BEGIN

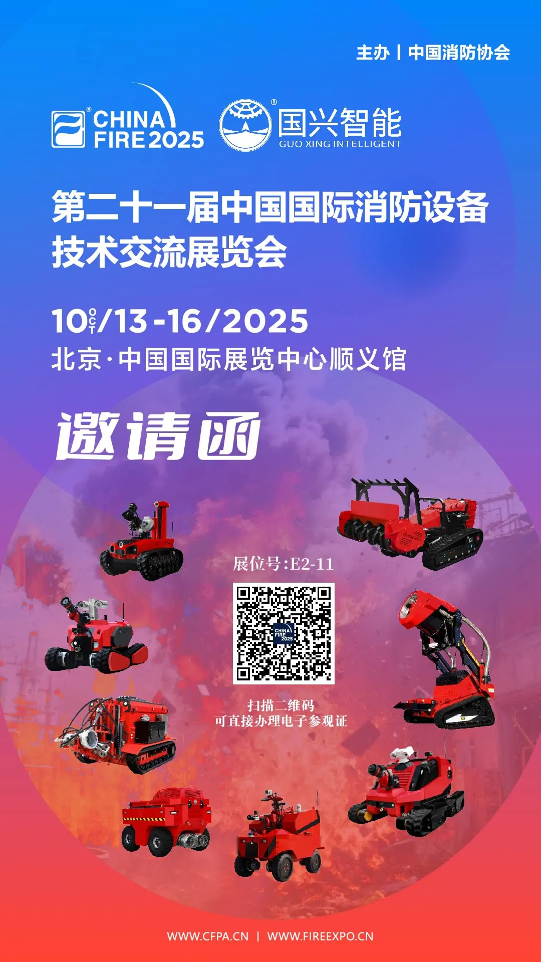 本屆展會規(guī)模再創(chuàng)新高,展覽總面積超過15萬平方米,匯聚來自40多個國家和地區(qū)的1200余家參展單位,展品覆蓋消防救援全產(chǎn)業(yè)鏈。其中、消防機器人、新能源滅火裝置等多項自主研發(fā)成果將首次亮相。值得關注的是,國興智能將于E2-11展位向外界展示近20種消防滅火機器人。
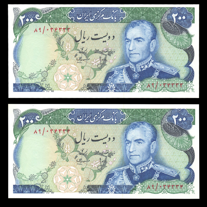 جفت اسکناس دویست ریال محمدرضا شاه پهلوی شماره قشنگ
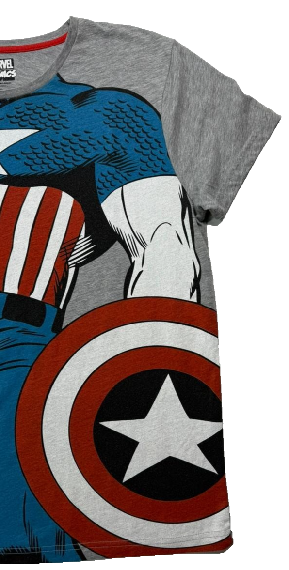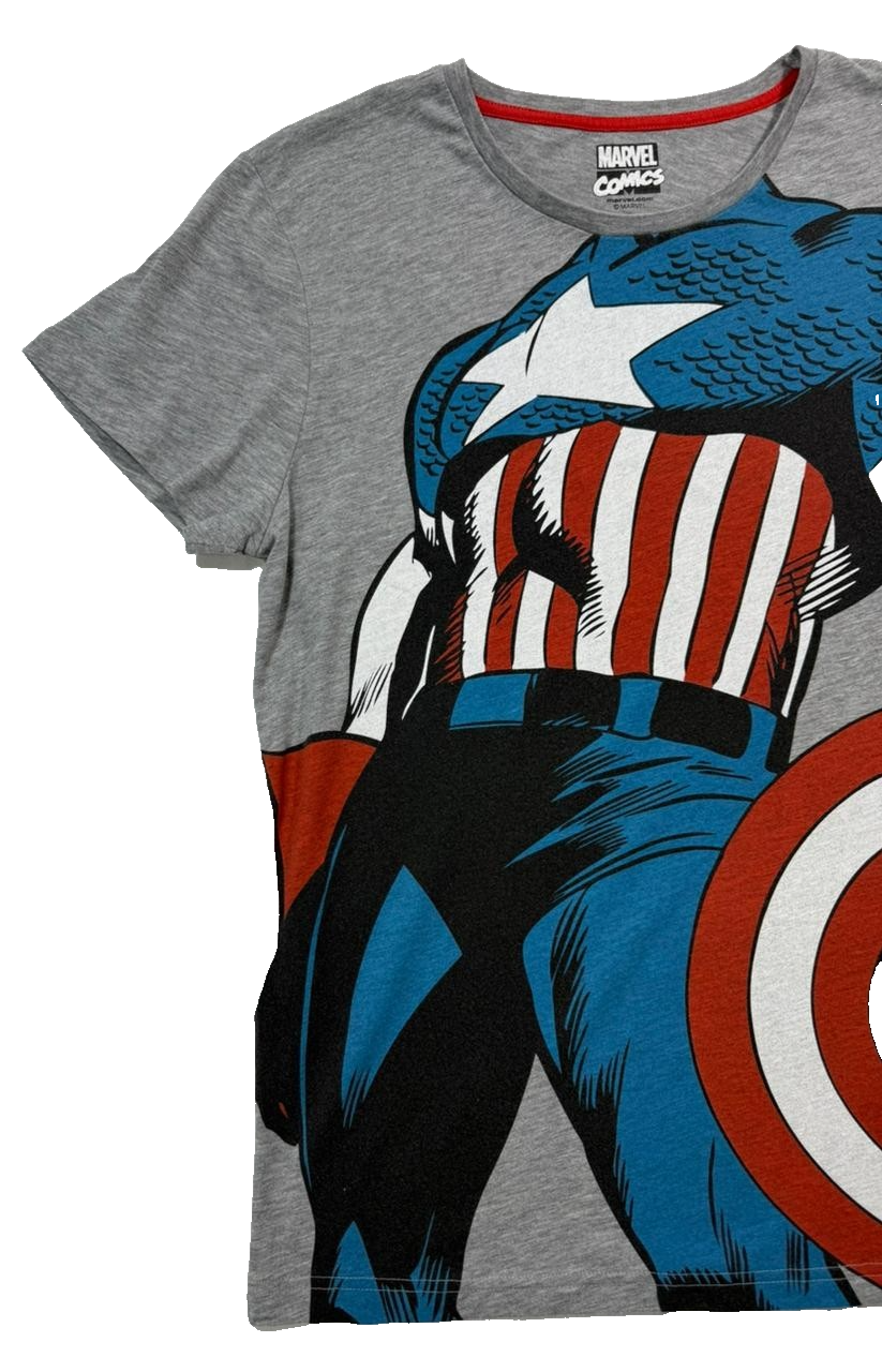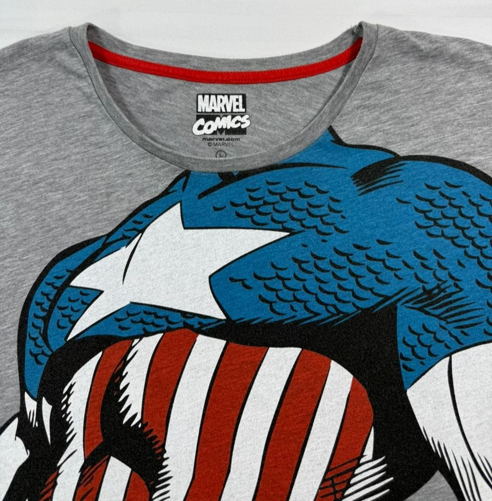 Grey Cotton Marvel Comics Captain America Graphic T-Shirt - Size L
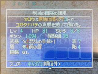 杖の識別を誤る 投稿日時: 2011年12月8日 投稿者: Tarou 返信 【原始に続く穴3F】 杖の識別は早めにしておきたいねということで、コイツにコノ距離で杖を振った。感電の杖だった。電撃を受けた直後蜂に刺されて倒れた。この距離では自分もダメージを受け、相手はギリギリ生き残る。(コガタナバチのHPは28、感電の杖のダメージは25) 杖の識別は距離を取れ、は基本であった。 最近混乱の手斧がよくでる。いい武器だが、まったく活かせてない。 共有:TwitterFacebookGoogle
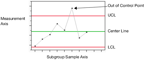 • The two red lines are the upper and lower control limits, labeled UCL and LCL. These limits give the range of variation to be expected in the summary statistic when the process is in statistical control. If the process is exhibiting only routine variation, then all the points should fall randomly in that range. In Figure 12.7, one measurement is above the upper control limit. This is evidence that the measurement could have been influenced by a special cause, or is possibly a defect.
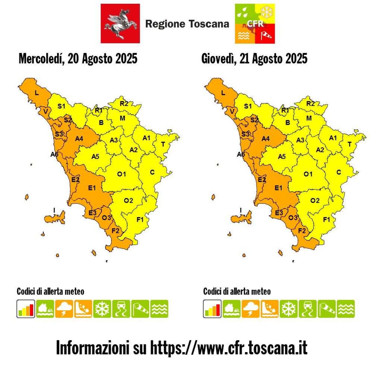 La Sala operativa unificata della Protezione civile toscana (Soup) ha diramato una nuova allerta meteo, con codice arancione per rischio idrogeologico e temporali forti dalle ore 18 di oggi fino alle ore 2 di domani giovedì 21 agosto su costa e Arcipelago, mentre l’allerta gialla (già in corso) resterà sul resto della regione fino alle ore 8 di domani.
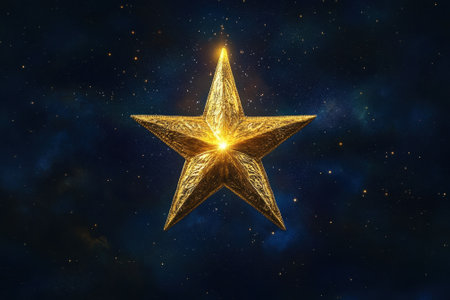 A beautiful golden star illuminates the dark sky with detailed textures, creating a captivating view.
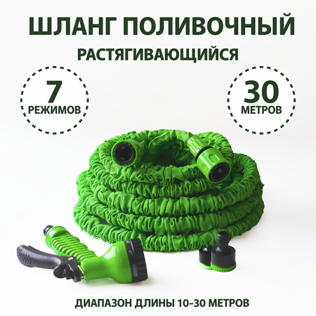 Садовый шланг может расширяться с 10 метров до 30 метров в длину, что позволяет охватить весь сад, делая полив простым и эффективным. Внутренний слой шланга состоит из телескопической трубки TPE (который не твердеет зимой, устойчив к износу, старению и не имеет запаха), а внешний слой — из плетеной оболочки. Под давлением воды шланг растягивается. Полученный вами шланг имеет начальную длину 10 м (это не ошибка), и после подачи воды его длина увеличивается до 30 м. Длина удлинения зависит от давления воды: чем выше давление, тем лучше эффект удлинения. В большинстве регионов давление воды соответствует требованиям. Если в вашем регионе давление воды слишком низкое, будьте осторожны при покупке. (Минимальное давление, необходимое для растяжения: 2 бар.) После выключения воды шланг в течение нескольких минут возвращается к своей исходной длине, становится компактным и легким, не запутывается и не занимает много места. При длительном хранении просто слейте воду из шланга и храните его в сухом и прохладном месте. Обычные же шланги занимают слишком много места, их трудно компактно сложить для хранения и нужно аккуратно сматывать, чтобы не создавать изломы, которые со временем превращаются в трещины. Входящий в комплект распылитель с 7 режимами использования может распылять воду от мягкого тумана для полива цветов до мощной струи для мытья автомобиля с дальностью до 5 м. Эргономичная ручка удобна для длительного использования. Подходит для множества задач, таких как мытье окон, автомобилей, полов, дворов, полив сада и чистка домашних животных. Если Вам не хватает длины, можете соединить несколько в один, или присоединить к обычному. Один шланг справится с множеством задач.

END

Exercise requirements ->
The reply should hold every entry above, given again exactly, but not a single picture.

Output for this exercise ->
 本屆展會規(guī)模再創(chuàng)新高,展覽總面積超過15萬平方米,匯聚來自40多個國家和地區(qū)的1200余家參展單位,展品覆蓋消防救援全產(chǎn)業(yè)鏈。其中、消防機器人、新能源滅火裝置等多項自主研發(fā)成果將首次亮相。值得關注的是,國興智能將于E2-11展位向外界展示近20種消防滅火機器人。
 جفت اسکناس دویست ریال محمدرضا شاه پهلوی شماره قشنگ
 Grey Cotton Marvel Comics Captain America Graphic T-Shirt - Size L
 杖の識別を誤る 投稿日時: 2011年12月8日 投稿者: Tarou 返信 【原始に続く穴3F】 杖の識別は早めにしておきたいねということで、コイツにコノ距離で杖を振った。感電の杖だった。電撃を受けた直後蜂に刺されて倒れた。この距離では自分もダメージを受け、相手はギリギリ生き残る。(コガタナバチのHPは28、感電の杖のダメージは25) 杖の識別は距離を取れ、は基本であった。 最近混乱の手斧がよくでる。いい武器だが、まったく活かせてない。 共有:TwitterFacebookGoogle
 • The two red lines are the upper and lower control limits, labeled UCL and LCL. These limits give the range of variation to be expected in the summary statistic when the process is in statistical control. If the process is exhibiting only routine variation, then all the points should fall randomly in that range. In Figure 12.7, one measurement is above the upper control limit. This is evidence that the measurement could have been influenced by a special cause, or is possibly a defect.
 La Sala operativa unificata della Protezione civile toscana (Soup) ha diramato una nuova allerta meteo, con codice arancione per rischio idrogeologico e temporali forti dalle ore 18 di oggi fino alle ore 2 di domani giovedì 21 agosto su costa e Arcipelago, mentre l’allerta gialla (già in corso) resterà sul resto della regione fino alle ore 8 di domani.
 A beautiful golden star illuminates the dark sky with detailed textures, creating a captivating view.
 Садовый шланг может расширяться с 10 метров до 30 метров в длину, что позволяет охватить весь сад, делая полив простым и эффективным. Внутренний слой шланга состоит из телескопической трубки TPE (который не твердеет зимой, устойчив к износу, старению и не имеет запаха), а внешний слой — из плетеной оболочки. Под давлением воды шланг растягивается. Полученный вами шланг имеет начальную длину 10 м (это не ошибка), и после подачи воды его длина увеличивается до 30 м. Длина удлинения зависит от давления воды: чем выше давление, тем лучше эффект удлинения. В большинстве регионов давление воды соответствует требованиям. Если в вашем регионе давление воды слишком низкое, будьте осторожны при покупке. (Минимальное давление, необходимое для растяжения: 2 бар.) После выключения воды шланг в течение нескольких минут возвращается к своей исходной длине, становится компактным и легким, не запутывается и не занимает много места. При длительном хранении просто слейте воду из шланга и храните его в сухом и прохладном месте. Обычные же шланги занимают слишком много места, их трудно компактно сложить для хранения и нужно аккуратно сматывать, чтобы не создавать изломы, которые со временем превращаются в трещины. Входящий в комплект распылитель с 7 режимами использования может распылять воду от мягкого тумана для полива цветов до мощной струи для мытья автомобиля с дальностью до 5 м. Эргономичная ручка удобна для длительного использования. Подходит для множества задач, таких как мытье окон, автомобилей, полов, дворов, полив сада и чистка домашних животных. Если Вам не хватает длины, можете соединить несколько в один, или присоединить к обычному. Один шланг справится с множеством задач.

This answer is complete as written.